▶ **WORK TASK**
Below are the records; copy exactly the lines from the first through the one containing "Am Wochenende wurde", both included, and leave out the pictures.

▶ **RECORDS PROVIDED**
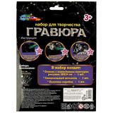 С помощью данного набора юный художник сможет создать эффектную серебристую картину на чёрном фоне. Контур рисунка уже нанесён на основу, остаётся только процарапать изображение специальным штихелем. Готовую поделку можно подарить близким или использовать для украшения интерьера.
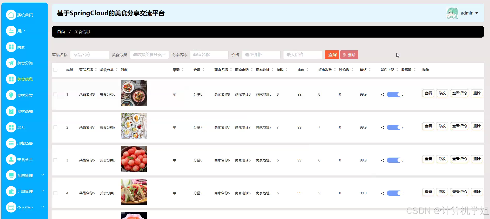本研究旨在设计并实现一个基于SpringBoot+VUE+MYSQL的美食分享交流平台,以满足美食爱好者对于美食信息获取、交流互动及个性化体验的需求。通过该平台,用户可以便捷地发布美食图片、分享烹饪心得、浏览他人动态,并参与话题讨论与评论互动,形成活跃的美食社区。同时,平台将提供个性化推荐功能,根据用户的浏览历史与兴趣偏好,智能推送相关美食内容,提升用户体验。此外,平台还将支持商家入驻,为餐饮行业提供宣传推广的新渠道,促进美食文化的商业转化。本研究期望通过构建这样一个综合性的美食分享交流平台,不仅为用户提供一个展示自我、交流学习的空间,也为餐饮行业提供一个与消费者直接互动的平台,有助于推动美食文化的传播与发展,促进美食产业的创新升级。通过本项目的实施,可以探索前后端分离架构在美食类应用中的实践应用,为相关领域的技术发展提供有益借鉴,同时满足社会对于美食文化交流与分享的需求,提升公众的生活品质与幸福感。
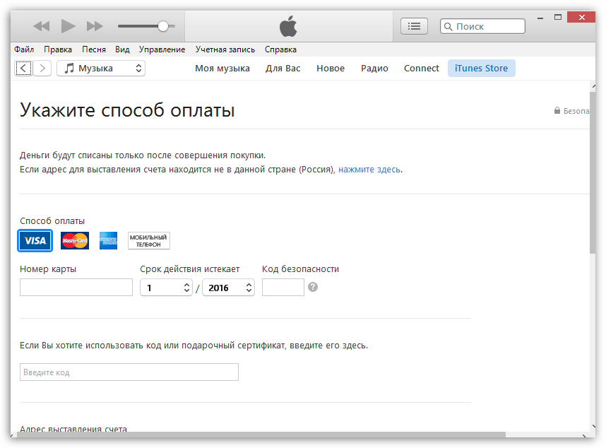 . Выберите способ оплаты и введите платёжные реквизиты. Необходимы те же данные, что и при регистрации через iTunes
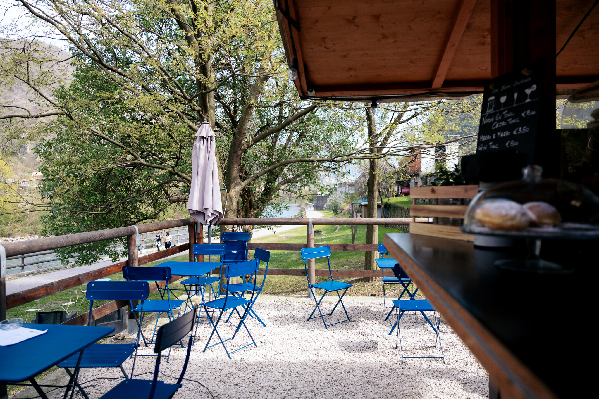 Il Chiosco Contarini dell’albergo Contarini, sul sentiero pedonale che arriva da Bassano e prosegue verso Valstagna, invece, si trova su una piccola spiaggia naturale, sul fiume. Questo salottino tra gli alberi, angolo di pace e tranquillità, era nato per i ciclisti, ma la sua riva ombreggiata d’estate piace a tutti. Da giugno, inoltre, si può usufruire di un altro spazio naturale dell’albergo, il Bosco Contarini, creato sfruttando i terrazzamenti più bassi, che si anima in particolare durante le feste “Birra in bosco”.
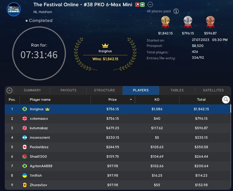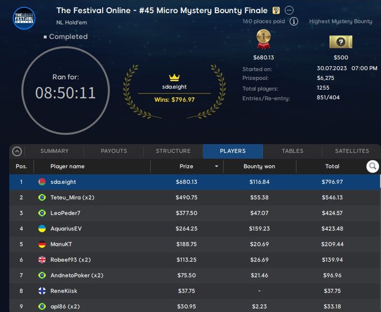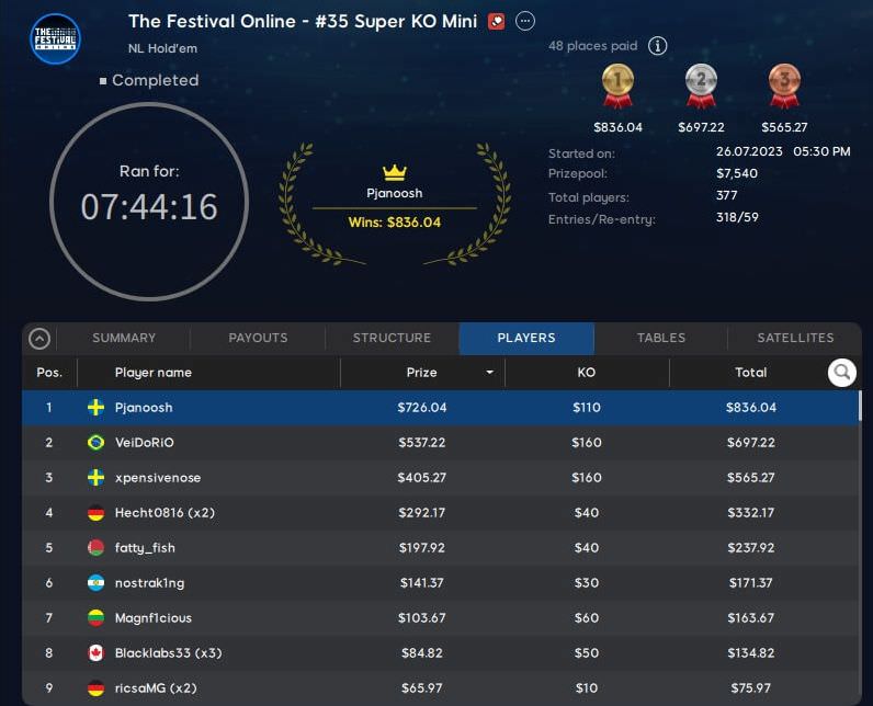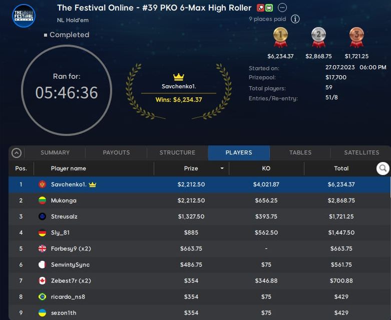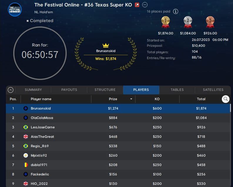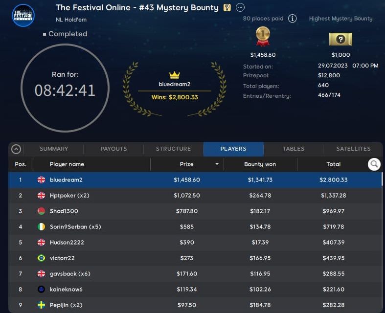 Am Wochenende wurde auf 888poker die Schlussphase der Festival Online Series eingeläutet.
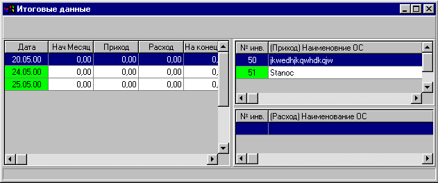 Имя таблицы: Rashod.DB (тип: Borland Paradox). Назначение: Данная таблица является основной для хранения информации по расходу основных средств за текущий месяц (Таблица 19.3), что позволяет работать с списком расходованного оборудования до окончания месяца. В данную таблицу попадают данные из основной таблицы (полный перенос данных, что исключает дублирование данных), что позволяет произвести откат, ошибочно сделанного расхода оборудования. В таблицу входят поля (Инвентарный номер, наименование, шифр амортизации, балансовая стоимость, остаточная стоимость, месячная амортизация, подразделение, подотчетное лицо и тп.). (подробнее о структуре в приложении 1). Таблица 19.3 - Структура таблицы Rashod.DB
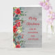 Merry Christmas for daughter and son in law card with green watercolor foliage, rustic wood pattern and pinecones and thoughtful verse.
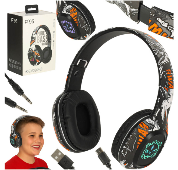 Bezdrátová sluchátka bluetooth s osvětlením se vyznačují originálním designem. Barevné pouzdro s multimediálními prvky zachovanými v moderní estetice přitahuje pozornost a vzbuzuje zájem dětí i dospělých. Ke kvalitě slyšitelného zvuku pozitivně přispívají 50mm měniče. Vestavěná tlačítka umožňují pohodlné ovládání hlasitosti nebo změnu skladby bez přímé interakce s externím přehrávačem.
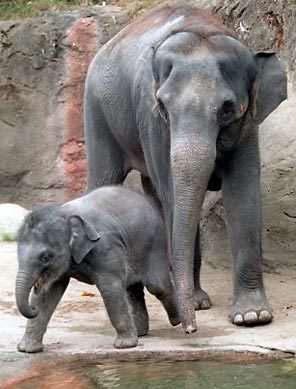 Finally pregnant, she was trucked back to Seattle.  Twenty-two months later, in 2000, she gave birth to a female calf.  The naming contest for the new zoo resident gathered 16,000 entries.  The Thai name selected, Hansa (pronounced HUN-suh), means “Extreme Happiness.”  Once the calf was on view attendance at the zoo doubled and Chai proved to be a very capable mother.

▶ **SOLVED EXERCISE**
 С помощью данного набора юный художник сможет создать эффектную серебристую картину на чёрном фоне. Контур рисунка уже нанесён на основу, остаётся только процарапать изображение специальным штихелем. Готовую поделку можно подарить близким или использовать для украшения интерьера.
本研究旨在设计并实现一个基于SpringBoot+VUE+MYSQL的美食分享交流平台,以满足美食爱好者对于美食信息获取、交流互动及个性化体验的需求。通过该平台,用户可以便捷地发布美食图片、分享烹饪心得、浏览他人动态,并参与话题讨论与评论互动,形成活跃的美食社区。同时,平台将提供个性化推荐功能,根据用户的浏览历史与兴趣偏好,智能推送相关美食内容,提升用户体验。此外,平台还将支持商家入驻,为餐饮行业提供宣传推广的新渠道,促进美食文化的商业转化。本研究期望通过构建这样一个综合性的美食分享交流平台,不仅为用户提供一个展示自我、交流学习的空间,也为餐饮行业提供一个与消费者直接互动的平台,有助于推动美食文化的传播与发展,促进美食产业的创新升级。通过本项目的实施,可以探索前后端分离架构在美食类应用中的实践应用,为相关领域的技术发展提供有益借鉴,同时满足社会对于美食文化交流与分享的需求,提升公众的生活品质与幸福感。
 . Выберите способ оплаты и введите платёжные реквизиты. Необходимы те же данные, что и при регистрации через iTunes
 Il Chiosco Contarini dell’albergo Contarini, sul sentiero pedonale che arriva da Bassano e prosegue verso Valstagna, invece, si trova su una piccola spiaggia naturale, sul fiume. Questo salottino tra gli alberi, angolo di pace e tranquillità, era nato per i ciclisti, ma la sua riva ombreggiata d’estate piace a tutti. Da giugno, inoltre, si può usufruire di un altro spazio naturale dell’albergo, il Bosco Contarini, creato sfruttando i terrazzamenti più bassi, che si anima in particolare durante le feste “Birra in bosco”.
 Am Wochenende wurde auf 888poker die Schlussphase der Festival Online Series eingeläutet.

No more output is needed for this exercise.